Así como vienen encadenándose los azares, como andan cruzándose los diversos
hilos en la urdimbre del cosmos… morir de sed sería un verdadero honor para mí.
Pensó con un ligero destello de rencor en aquel que podía beber cada segundo de
todos los días. Luego lo embargó una oscura admiración.

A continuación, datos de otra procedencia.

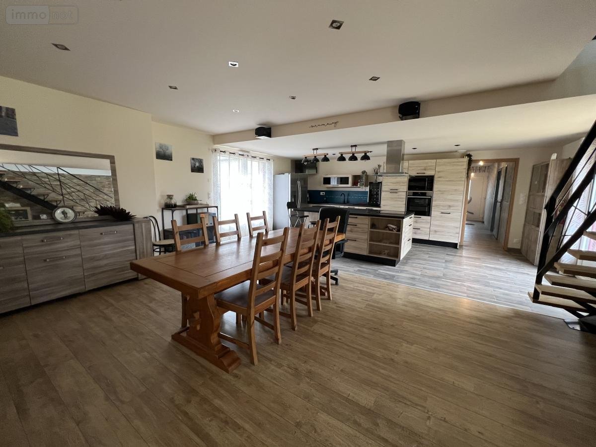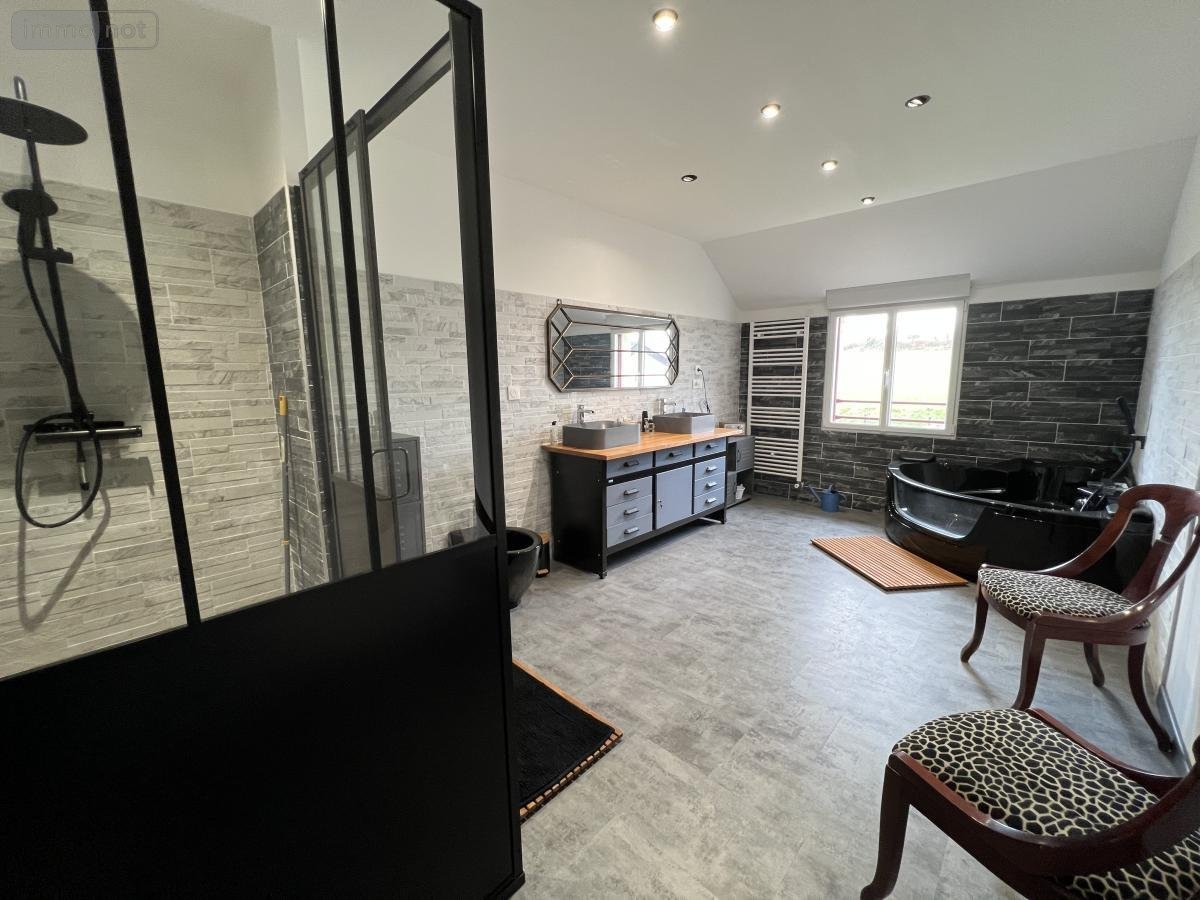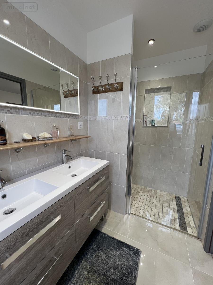 Au rez-de-chaussée : pièce de vie, séjour - salon avec cheminée insert bois - cuisine ouverte aménagée et équipée, une chambre, suite parentale comprenant chambre, salle d'eau et dressing, arrière-cuisine - buanderie donnant sur la terrasse.
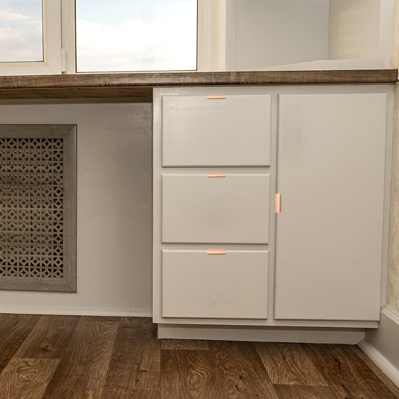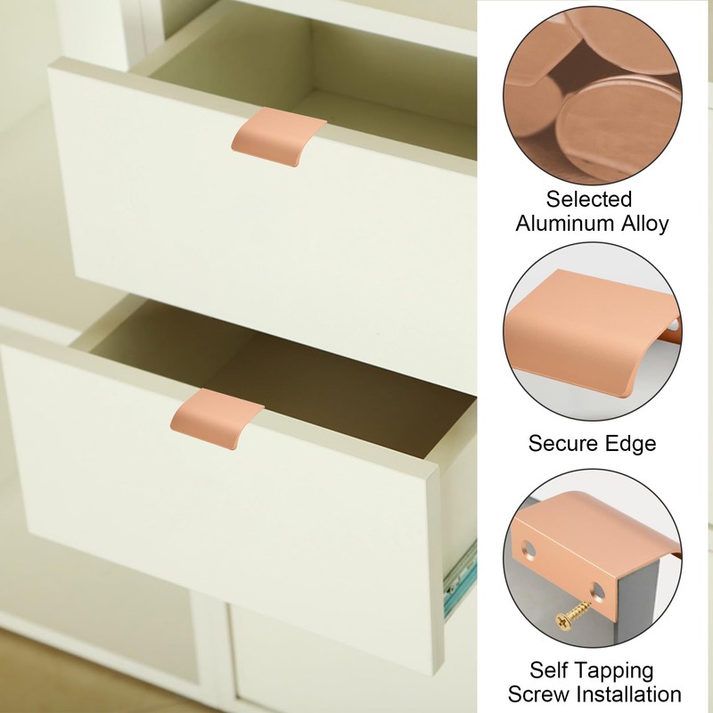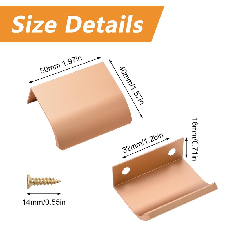 - đăPackage IncludedăEach package contains 8 intact Rose Gold edge-sealing handles and screws required for installation, making your installation easier and meeting your daily needs. This style is small in size and is not suitable for larger furniture, and you can install it after placing it on the furniture to compare the size ratio effect before installation.

Llevó la mano derecha al bolsillo, y extrajo su celular. Con culpable parsimonia
presionó once veces nueve teclas. Nunca había dialogado con el agua. ¿Podría
responderle el agua… le sería accesible su misterioso idioma de hidrógeno y oxígeno,
suave e inexorable fluencia…? Una voz respondió más allá, y era igual al ave que se
desgarraba afuera, sobre los árboles torturados y desnudos. Pero sólo atinó a decir:
– Tengo sed. – y luego a agregar: – Hace tiempo que la sufro, y sin embargo, no
consigo morirme.
Celeste, en un impiadoso e irrefutable más allá, entendió a la perfección. Porque él
había empleado el antiquísimo y arcano lenguaje de las aguas primordiales, de los mares
donde nació la vida, de la lluvia y del tiempo.
– No podés beber de mi agua. Sólo bañarte en ella… y nadar, si querés y sabés.
– Y si, al llegar a la orilla opuesta… ¿me niego a secar mi cuerpo? ¿Si me quedo así,
todo mojado… gloriosamente desnudo y mojado? – pero no dijo esto: apenas lo formuló
en la intimidad del pensamiento.
Allá en el más allá se oyó un suspiro – ¿resignado… hastiado? –, un murmullo como
de arroyuelo sobre peñas verdecidas. Y el seco click con que Celeste cercenó la
comunicación.
Él quedó solo, mirando sin ver por la ventana, rumiando cuánto se parecía aquel
fatídico sonido al derrumbe fatídico de una hoja de guillotina.
Solo, con su sed de momia incaica. Su sed de siglos.